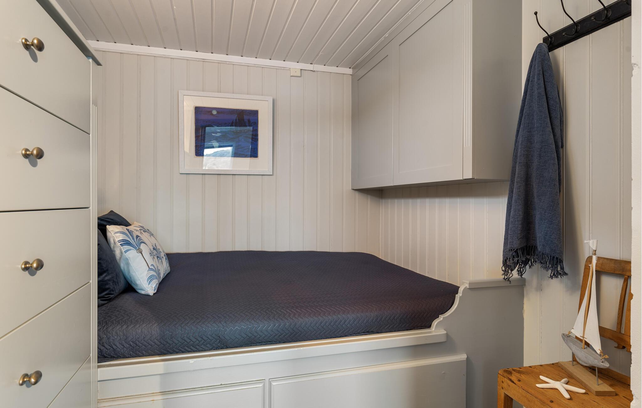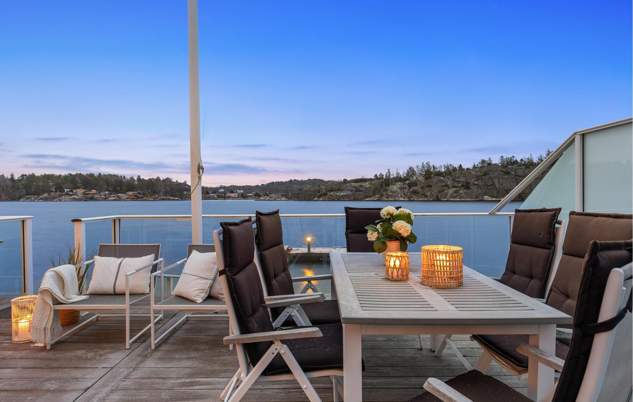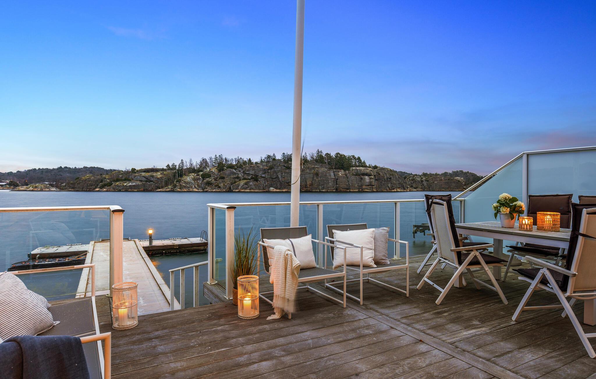 Dette vidunderlige feriehus på Vesterøya er noget særligt med sin fantastiske beliggenhed, egen kystlinje og adgang til en badebro. De store vinduer giver en betagende udsigt over den glitrende fjord og fylder det åbne opholdsrum med lys. På kølige dage skaber pejsen en hyggelig atmosfære, mens den stilfulde indretning og det lyse interiør byder jer velkommen. På terrassen kan I nyde måltider med udsigt over vandet eller bare slappe af og lade roen sænke sig.
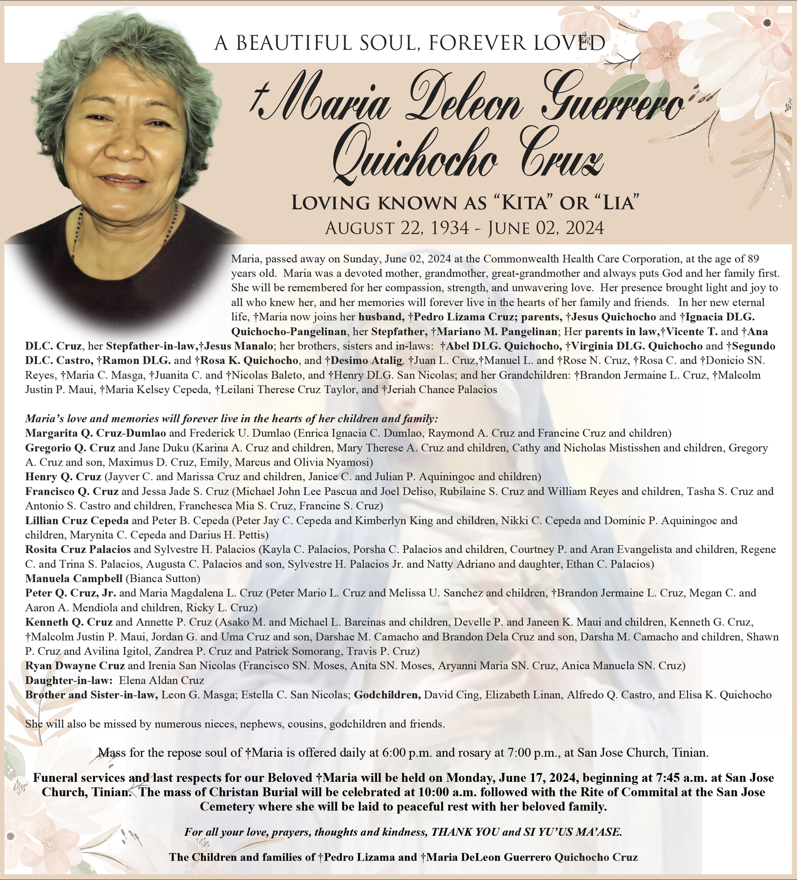 †Maria “Kita/Lia” Deleon Guerrero Quichocho Cruz
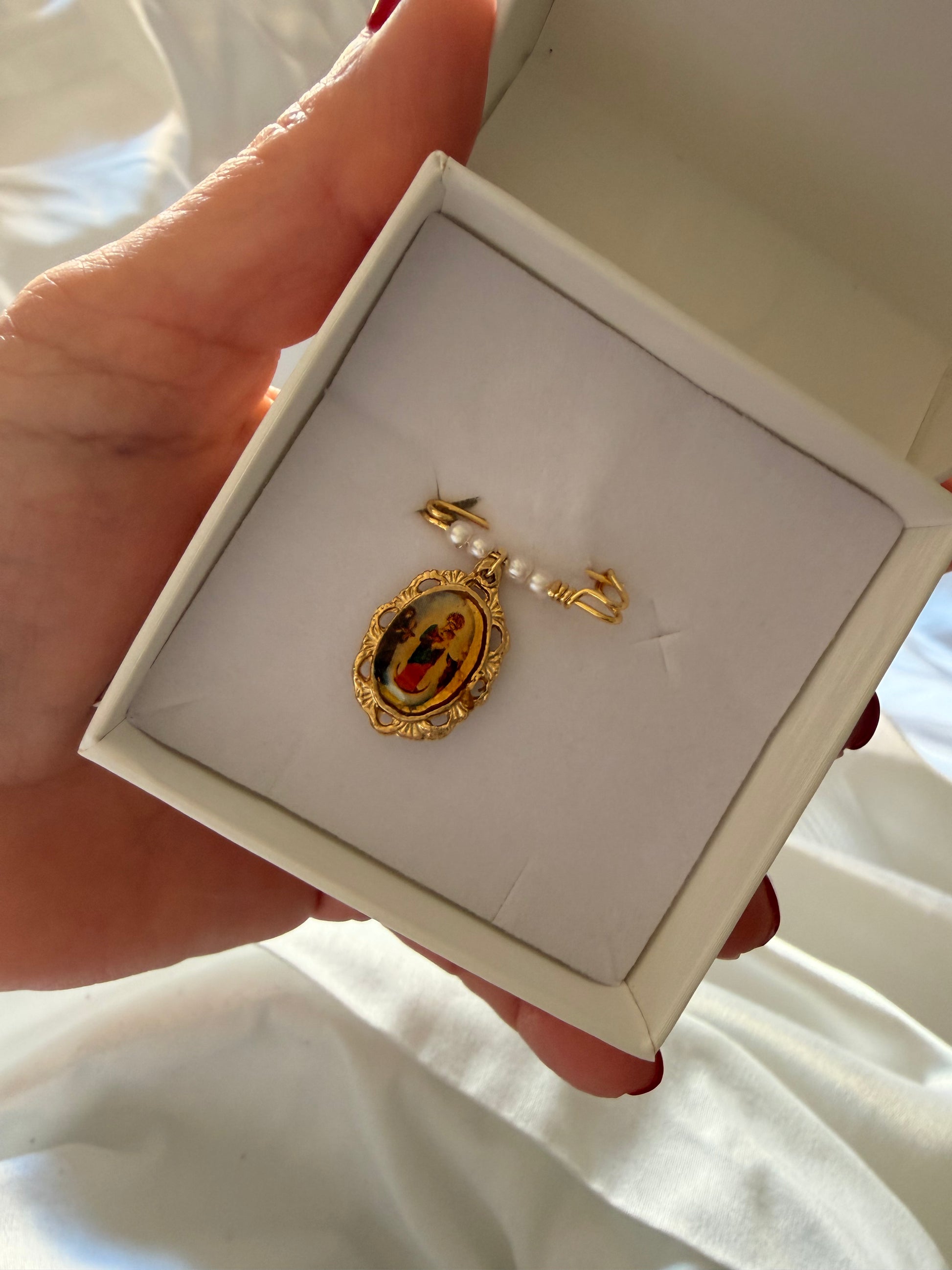 Expertly handcrafted, these Pin perlas de la Chinita feature a delicate imperdible design with beautiful perlitas, showcasing the Medalla de la Virgen de la Chiquinquira. Elevate any outfit with this exquisite piece of religious jewelry.
______
Return every line above verbatim, pictures excluded.

◆ RESPONSE BELOW ◆
 Dette vidunderlige feriehus på Vesterøya er noget særligt med sin fantastiske beliggenhed, egen kystlinje og adgang til en badebro. De store vinduer giver en betagende udsigt over den glitrende fjord og fylder det åbne opholdsrum med lys. På kølige dage skaber pejsen en hyggelig atmosfære, mens den stilfulde indretning og det lyse interiør byder jer velkommen. På terrassen kan I nyde måltider med udsigt over vandet eller bare slappe af og lade roen sænke sig.
 †Maria “Kita/Lia” Deleon Guerrero Quichocho Cruz
 Expertly handcrafted, these Pin perlas de la Chinita feature a delicate imperdible design with beautiful perlitas, showcasing the Medalla de la Virgen de la Chiquinquira. Elevate any outfit with this exquisite piece of religious jewelry.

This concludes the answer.